### TASK DIRECTIONS
Without including any images, please transcribe all the lines below exactly.

### INFORMATION SHOWN
┌────────

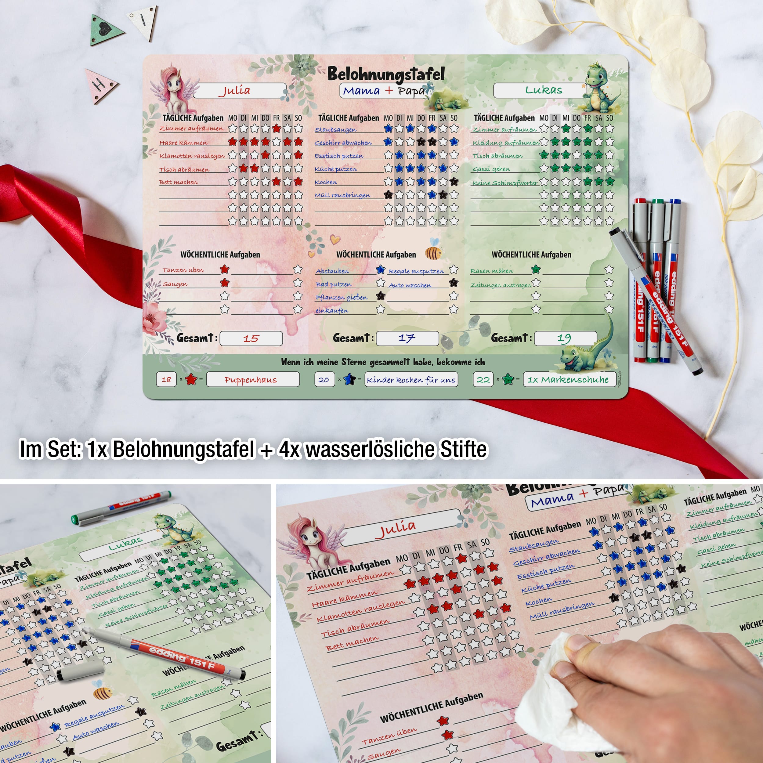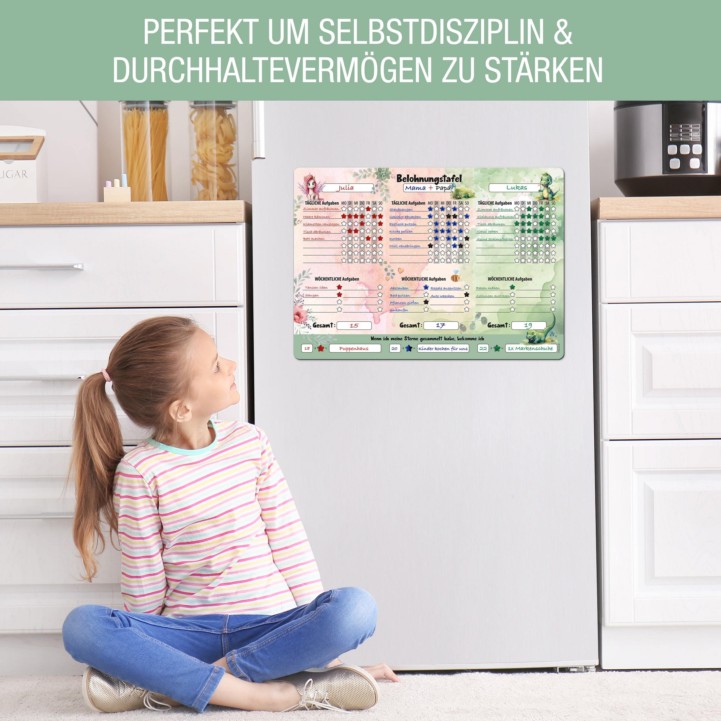Egal, ob dein Kind 2 oder 10 Jahre alt ist, diese Belohnungstafel passt perfekt zu jeder Altersgruppe. Sie ist ideal für Familien mit bis zu 3 Kindern und bietet eine altersgerechte Möglichkeit, positive Verhaltensweisen zu fördern.
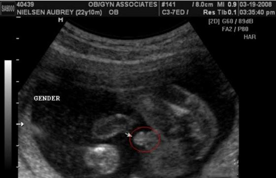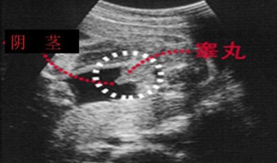男宝宝的B超图上其实是能看到小鸡鸡的,图片的红圈处就是。这张图片上的小鸡鸡非常清晰,医生很厉害,她取的那个角度就是宝宝的屁股正下方,看的特清楚。
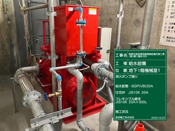 【作業内容】消火ポンプ廻り 給水配管 | ||||||
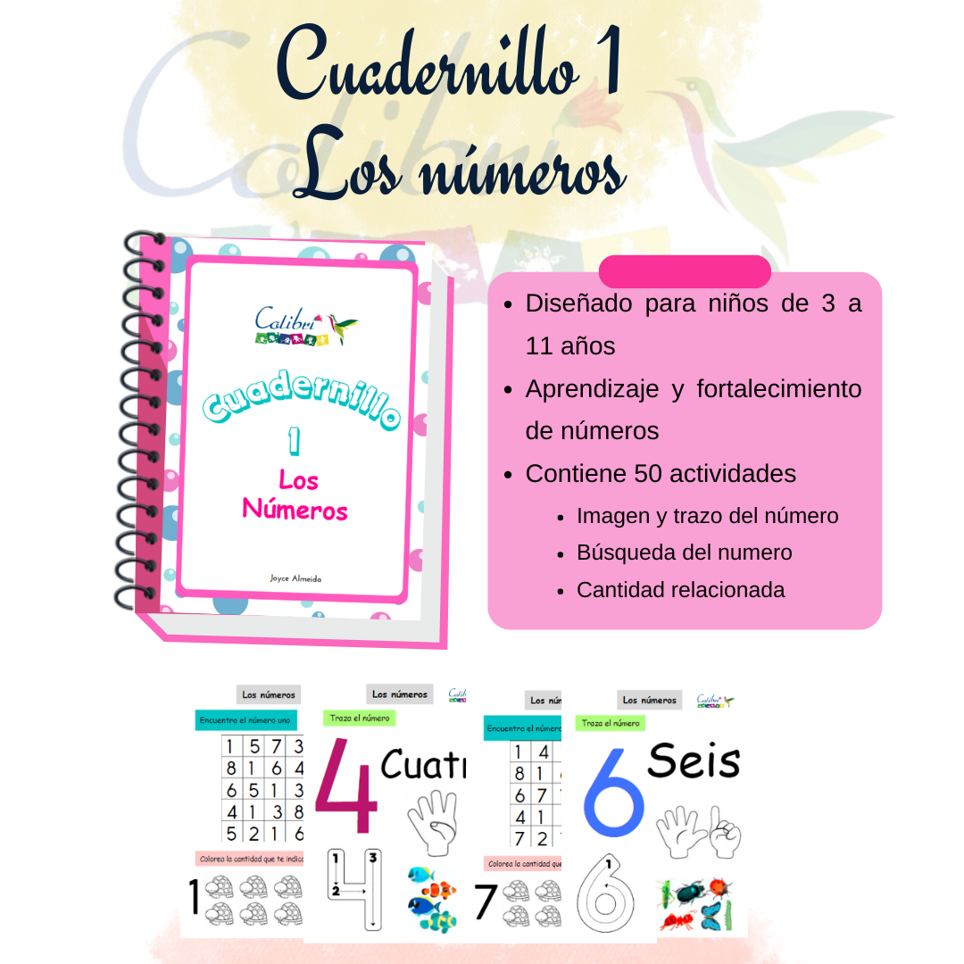 Cuadernillo contiene actividades para trabajar los números del 1 al 10 reforzando numero, trazo, cantidad y relación en la mano.

└────────

### REPLY TO THE EXERCISE
Egal, ob dein Kind 2 oder 10 Jahre alt ist, diese Belohnungstafel passt perfekt zu jeder Altersgruppe. Sie ist ideal für Familien mit bis zu 3 Kindern und bietet eine altersgerechte Möglichkeit, positive Verhaltensweisen zu fördern.
男宝宝的B超图上其实是能看到小鸡鸡的,图片的红圈处就是。这张图片上的小鸡鸡非常清晰,医生很厉害,她取的那个角度就是宝宝的屁股正下方,看的特清楚。
 【作業内容】消火ポンプ廻り 給水配管 | ||||||
 Cuadernillo contiene actividades para trabajar los números del 1 al 10 reforzando numero, trazo, cantidad y relación en la mano.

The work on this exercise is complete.